Derrière le soja, explique Mme Leuba, "se cachent de la déforestation et des émissions massives de gaz à effet de serre qui réchauffe notre planète !"

Le cargo bloqué contient 50.000 tonnes de soja, en provenance du port de Salvador au Brésil. 89% du soja exporté par ce port provient du Cerrado, une des zones les plus détruites par la déforestation au Brésil et ces cargaisons servent principalement à nourrir des animaux d’élevage industriel, souligne l'organisation.
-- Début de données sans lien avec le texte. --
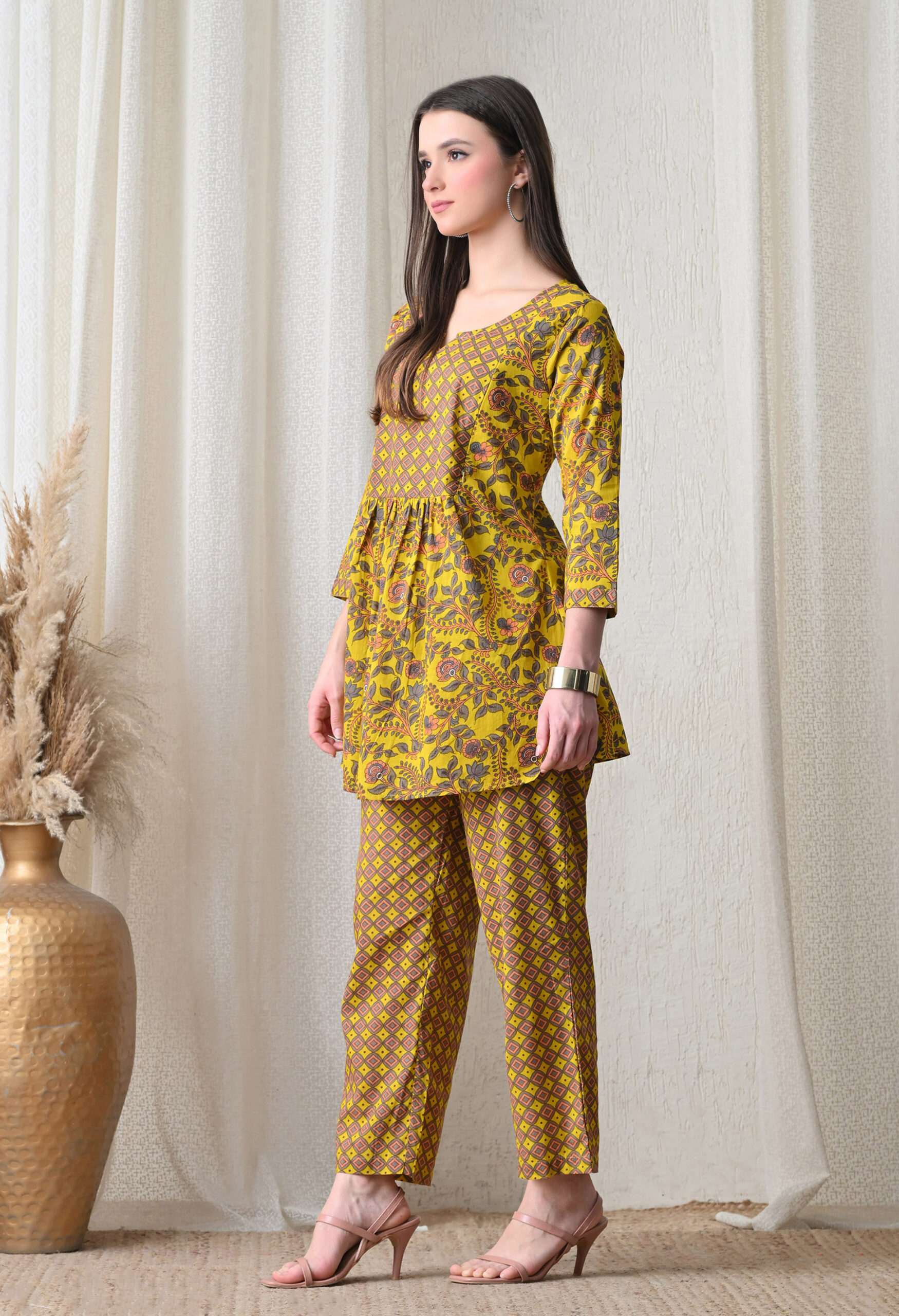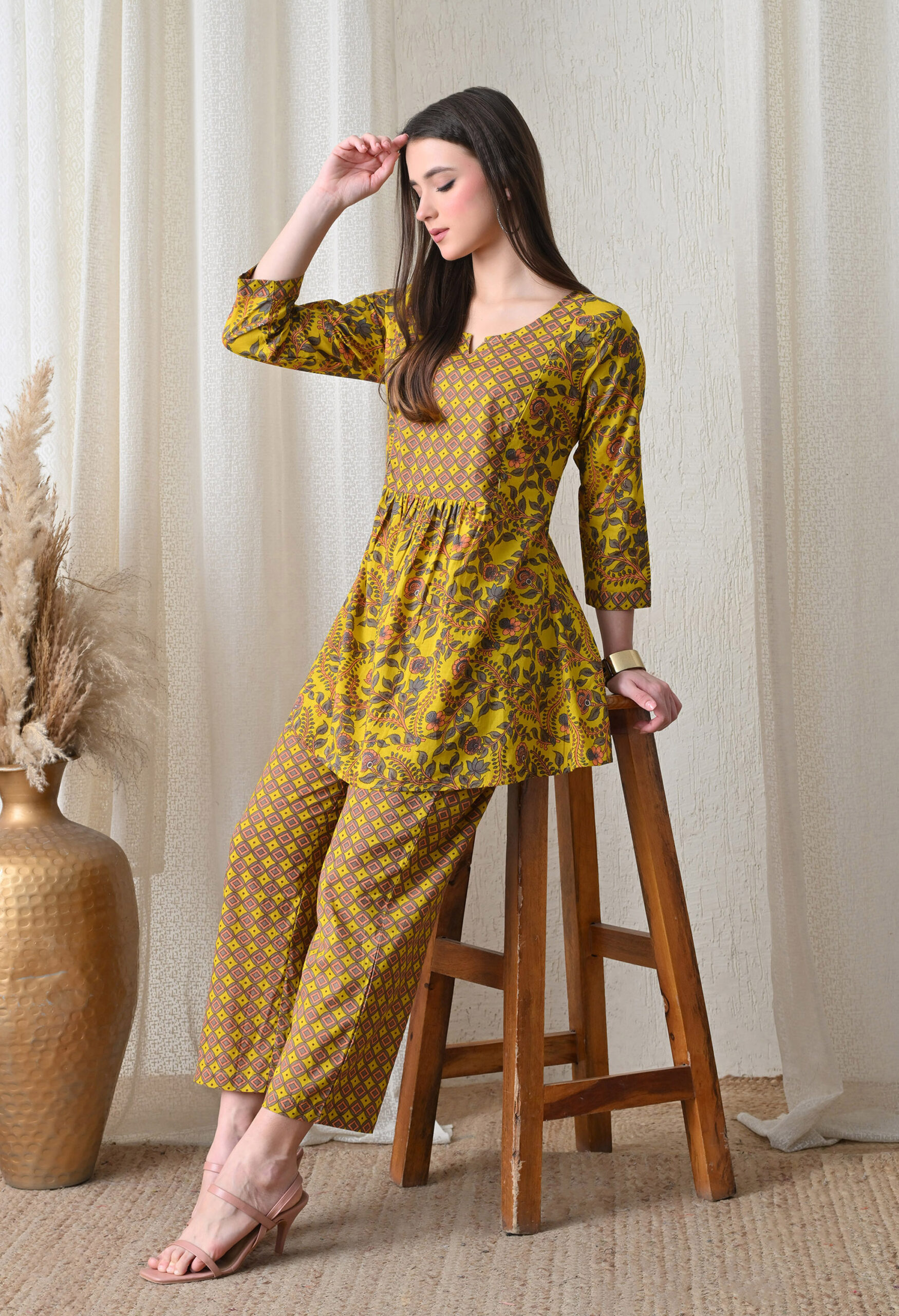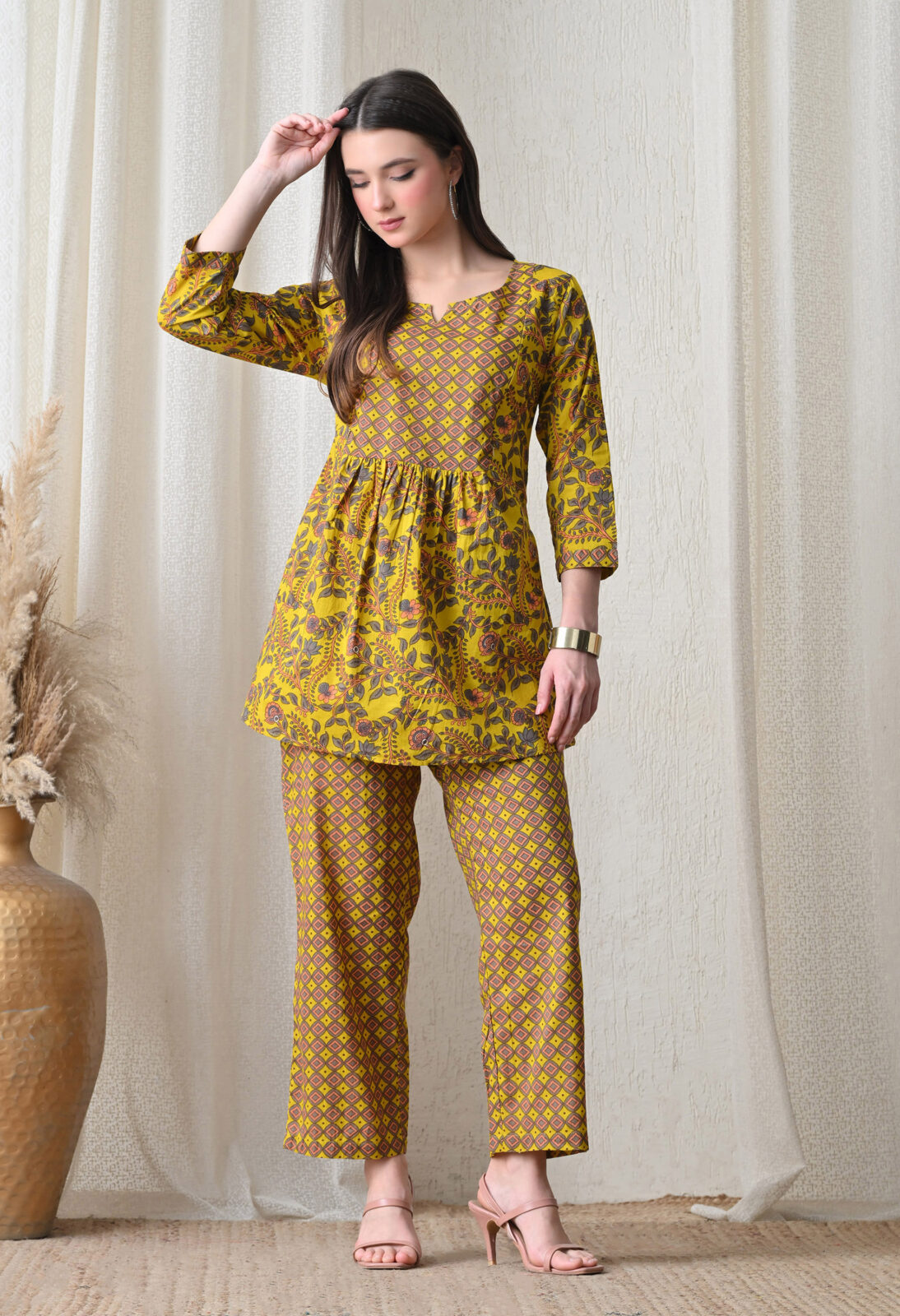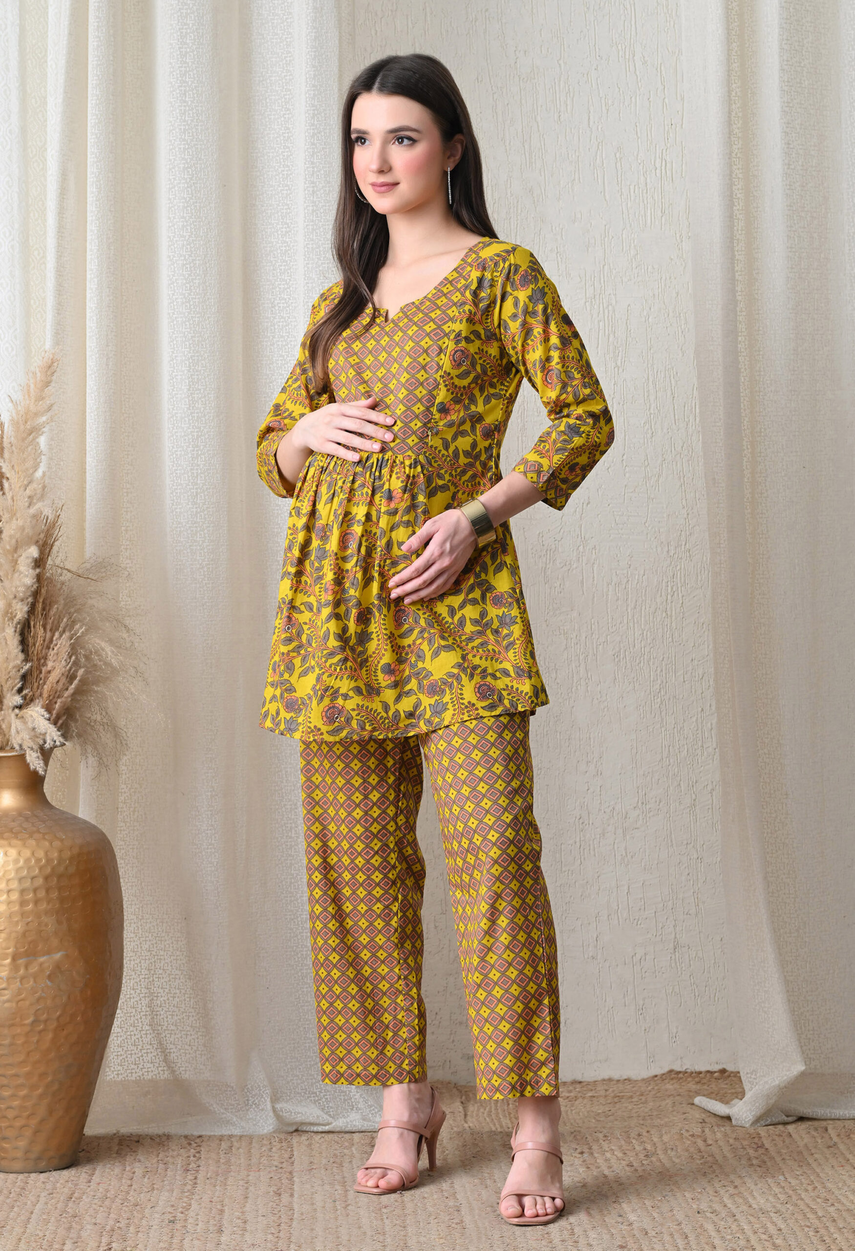 The vibrant mustard yellow base with peach, grey, and brown prints gives this maxi a warm, festive, and distinctly Indian charm. It is ideal for daily home wear, baby showers, post-partum casual occasions, and relaxed ethnic gatherings. The square neckline with a V-notch opening and fitted yoke provides an elegant silhouette, while the empire waist gathering creates generous room for the bump. The 3/4 sleeves with matching print add a polished, fully coordinated finish.

"Au même moment au G20, Emmanuel Macron se revendique porte-étendard de l’ambition climatique, déclarant ne pas vouloir signer de communiqué final s’il ne mentionne pas l’accord de Paris", dénonce l'association de défense de l'environnement.

"L’accord de Paris, il ne suffit pas de le mentionner, il faut surtout l’appliquer", souligne Cécile Leuba. "Ce sera impossible pour la France sans mettre un terme à cette déforestation importée, comme on le voit dans ce cargo, et sans réduire sa production de viande, d’œufs et de produits laitiers et opérer la transition vers un élevage écologique".

La déforestation et l’élevage représentent 12 et 14,5% des émissions de GES mondiales.